Hauptsponsoren:     3M 
Datenbankrecherche:

 

Zweimal hohe Ehre für Dummerstorfer Wissenschaftler

11.09.2012
Die Deutsche Gesellschaft für Züchtungskunde e.V. (DGfZ) verleiht am Mittwoch, dem 12. September 2012, die Hermann-von-Nathusius-Medaille an Professor Manfred Schwerin. Der Vorstand des Leibniz-Instituts für Nutzierbiologie (FBN) und Professor für Tierzucht an der Universität Rostock erhält die hohe Auszeichnung für seine wissenschaftlichen Leistungen auf dem Gebiet der molekularen Tierzucht.
Darüber hinaus ist der Molekularbiologe erneut in den vom Bundesministerium für Bildung und Forschung (BMBF) initiierten Biökonomierat berufen worden. Das hochkarätig international besetzte Gremium erarbeitet seit 2009 insbesondere Lösungsvorschläge für die Weiterentwicklung der Bioökonomie im In- und Ausland und nimmt beratende Tätigkeiten für die Bundesregierung wahr.

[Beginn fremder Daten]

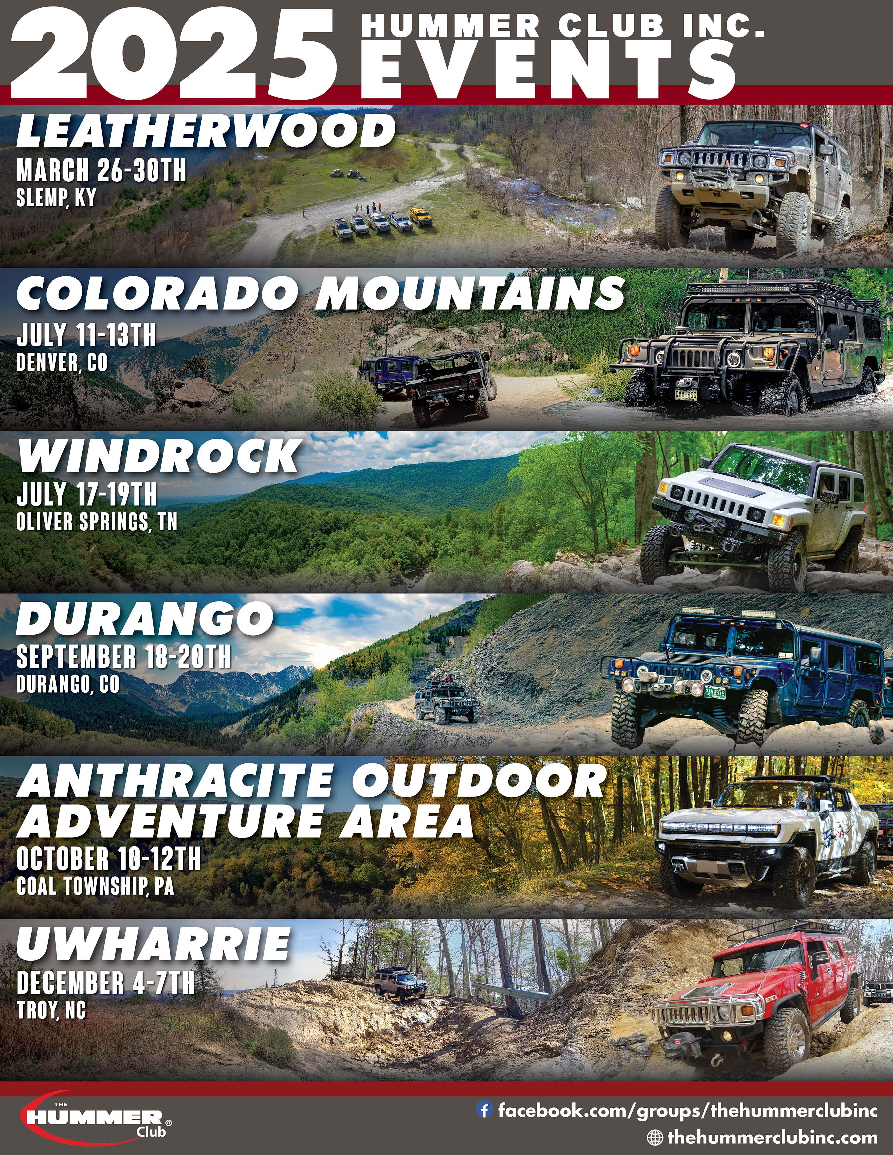 The Hummer Club Inc recently posted their schedule of 2025 events. I've never been, but two of them (Colorado Mountains and Durango) are within a day's drive for me, so ...

Die Deutsche Gesellschaft für Züchtungskunde e.V. wurde 1905 gegründet und versteht sich unter anderem als tierartenübergreifendes Bindeglied zwischen Wissenschaft, Verwaltung und Praxis. Sie ist die offizielle Vertretung der Bundesrepublik Deutschland in der Europäischen Vereinigung für Tierproduktion. Die Hermann-von-Nathusius-Medaille wird seit 1928 in Gedenken an einen der bedeutendsten Wissenschaftler der deutschen Tierzucht gestiftet. Mit ihr werden Persönlichkeiten auf dem Gebiet der Tierzucht und Produktkunde im Sinne des Stiftungsgedankens ausgezeichnet. http://www.dgfz-bonn.de

Ende September 2012 startet der Bioökoniomierat in seine zweite Arbeitsphase. Er nimmt die nötigen Weichenstellungen auf dem Weg zu einer biobasierten Wirtschaft vor. Grundlage für die Nationale „Forschungsstrategie Bioökonomie 2030“der Bundesregierung sind Empfehlungen des aus namenhaften Persönlichkeiten von Hochschulen, Forschungseinrichtungen und Unternehmen zusammengesetzten Rates. http://www.biooekonomierat.de
Die Bioökonomie als Wirtschaftsform umfasst alle Bereiche, die biologische Ressourcen boden- oder wassergebunden produzieren beziehungsweise gewinnen, verarbeiten oder direkt nutzen. Sie zielt unter Einbeziehung hochinnovativer Ansätze auf die nachhaltige Nutzung von biologischen Ressourcen wie Pflanzen, Tieren und Mikroorganismen ab. Thematisch befasst sich die Forschung mit der steigenden Nachfrage nach hochwertigen Lebens- und Futtermitteln, der Bedrohung der Biomassebereitstellung durch den Klimawandel und der effizienten Nutzung biobasierter Technologien sowie eine stärkeren Unabhängigkeit von fossilen Rohstoffen.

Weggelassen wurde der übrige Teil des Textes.